The revenue distribution was announced in a statement issued on Saturday by the Director of Press and Public Relations, Bawa Mokwa. The allocation was finalised at the March 2025 FAAC meeting in Abuja, which was chaired by the Minister of Finance and Coordinating Minister of the Economy, Wale Edun, and attended by the Accountant General of the Federation, Shamseldeen Ogunjimi.

Breakdown of Distributable Revenue

The total distributable revenue of N1.678 trillion comprised:

Statutory revenue – N827.633 billion

Value Added Tax (VAT) revenue – N609.430 billion

Electronic Money Transfer Levy (EMTL) revenue – N35.171 billion

Solid Minerals revenue – N28.218 billion

Augmentation – N178 billion

According to the FAAC communiqué, the total gross revenue available for February 2025 was N2.344 trillion. Deductions for the cost of collection amounted to N89.092 billion, while transfers, interventions, refunds, and savings stood at N577.097 billion.

The communiqué also revealed that gross statutory revenue for February 2025 was N1.653 trillion, which was N194.664 billion lower than the N1.848 trillion recorded in January 2025. Similarly, gross VAT revenue fell from N771.886 billion in January to N654.456 billion in February, reflecting a decrease of N117.430 billion.

Revenue Allocation to Tiers of Government

From the total N1.678 trillion distributable revenue:

Federal Government received – N569.656 billion

State Governments received – N562.195 billion

Local Government Councils received – N410.559 billion

Derivation revenue (13% of mineral revenue) to benefiting states – N136.042 billion

Allocation from Statutory Revenue (N827.633 billion)

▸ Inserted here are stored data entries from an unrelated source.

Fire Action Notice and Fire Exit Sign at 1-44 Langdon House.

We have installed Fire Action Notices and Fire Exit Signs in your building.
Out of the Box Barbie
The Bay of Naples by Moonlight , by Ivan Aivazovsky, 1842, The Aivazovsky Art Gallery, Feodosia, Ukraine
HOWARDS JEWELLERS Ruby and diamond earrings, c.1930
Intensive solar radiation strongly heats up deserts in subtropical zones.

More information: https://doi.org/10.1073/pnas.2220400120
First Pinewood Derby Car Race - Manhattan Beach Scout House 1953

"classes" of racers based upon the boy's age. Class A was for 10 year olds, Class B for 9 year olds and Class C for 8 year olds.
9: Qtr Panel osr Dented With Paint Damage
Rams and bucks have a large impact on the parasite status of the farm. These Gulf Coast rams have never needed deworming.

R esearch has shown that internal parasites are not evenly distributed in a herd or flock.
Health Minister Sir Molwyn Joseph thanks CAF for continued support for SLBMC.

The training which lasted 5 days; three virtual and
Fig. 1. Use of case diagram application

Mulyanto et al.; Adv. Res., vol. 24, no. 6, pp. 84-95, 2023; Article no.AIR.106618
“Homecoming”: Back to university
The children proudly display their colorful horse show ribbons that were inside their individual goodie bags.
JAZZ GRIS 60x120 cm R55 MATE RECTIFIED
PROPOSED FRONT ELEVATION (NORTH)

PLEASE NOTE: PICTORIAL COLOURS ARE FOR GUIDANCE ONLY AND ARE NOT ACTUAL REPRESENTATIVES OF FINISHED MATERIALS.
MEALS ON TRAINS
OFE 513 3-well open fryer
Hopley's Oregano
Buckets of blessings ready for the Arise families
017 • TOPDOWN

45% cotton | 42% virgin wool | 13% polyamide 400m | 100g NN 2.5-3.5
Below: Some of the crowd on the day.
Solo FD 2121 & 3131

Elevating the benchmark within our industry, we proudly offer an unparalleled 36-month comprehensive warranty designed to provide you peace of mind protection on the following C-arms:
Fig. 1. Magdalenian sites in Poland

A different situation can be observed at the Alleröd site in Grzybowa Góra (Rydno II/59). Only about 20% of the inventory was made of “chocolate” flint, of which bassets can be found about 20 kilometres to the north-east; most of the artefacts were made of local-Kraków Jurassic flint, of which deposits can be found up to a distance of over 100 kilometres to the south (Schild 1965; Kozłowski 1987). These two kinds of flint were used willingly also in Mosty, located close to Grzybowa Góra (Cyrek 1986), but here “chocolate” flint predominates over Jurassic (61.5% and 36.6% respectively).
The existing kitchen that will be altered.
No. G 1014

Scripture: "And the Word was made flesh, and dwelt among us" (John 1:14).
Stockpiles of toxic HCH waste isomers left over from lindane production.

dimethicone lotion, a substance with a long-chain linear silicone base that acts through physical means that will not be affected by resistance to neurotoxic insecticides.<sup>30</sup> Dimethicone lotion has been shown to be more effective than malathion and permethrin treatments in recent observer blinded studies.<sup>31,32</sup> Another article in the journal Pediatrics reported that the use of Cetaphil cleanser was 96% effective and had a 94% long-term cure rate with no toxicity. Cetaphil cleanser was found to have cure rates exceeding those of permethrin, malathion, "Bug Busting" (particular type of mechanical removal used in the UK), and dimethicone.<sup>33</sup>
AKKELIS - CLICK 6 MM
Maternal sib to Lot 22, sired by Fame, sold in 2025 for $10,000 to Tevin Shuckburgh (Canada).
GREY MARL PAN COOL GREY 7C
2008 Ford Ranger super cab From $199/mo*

Federal Government – N366.262 billion

State Governments – N185.773 billion

Local Government Councils – N143.223 billion

Derivation revenue (13%) – N132.374 billion

Allocation from VAT Revenue (N609.430 billion)

Federal Government – N91.415 billion

State Governments – N304.715 billion

Local Government Councils – N213.301 billion

Allocation from EMTL Revenue (N35.171 billion)

Federal Government – N5.276 billion

State Governments – N17.585 billion

Local Government Councils – N12.310 billion

Allocation from Solid Minerals Revenue (N28.218 billion)

Federal Government – N12.933 billion

State Governments – N6.560 billion

Local Government Councils – N5.057 billion

Derivation revenue (13%) – N3.668 billion

Allocation from Augmentation (N178 billion)

Federal Government – N93.770 billion

State Governments – N47.562 billion

Local Government Councils – N36.668 billion

Revenue Trends and Economic Outlook

The FAAC report highlighted a significant increase in Oil and Gas Royalty and Electronic Money Transfer Levy (EMTL) revenues for February 2025. However, there were declines in Value Added Tax (VAT), Petroleum Profit Tax (PPT), Companies Income Tax (CIT), Excise Duty, Import Duty, and CET Levies compared to the previous month.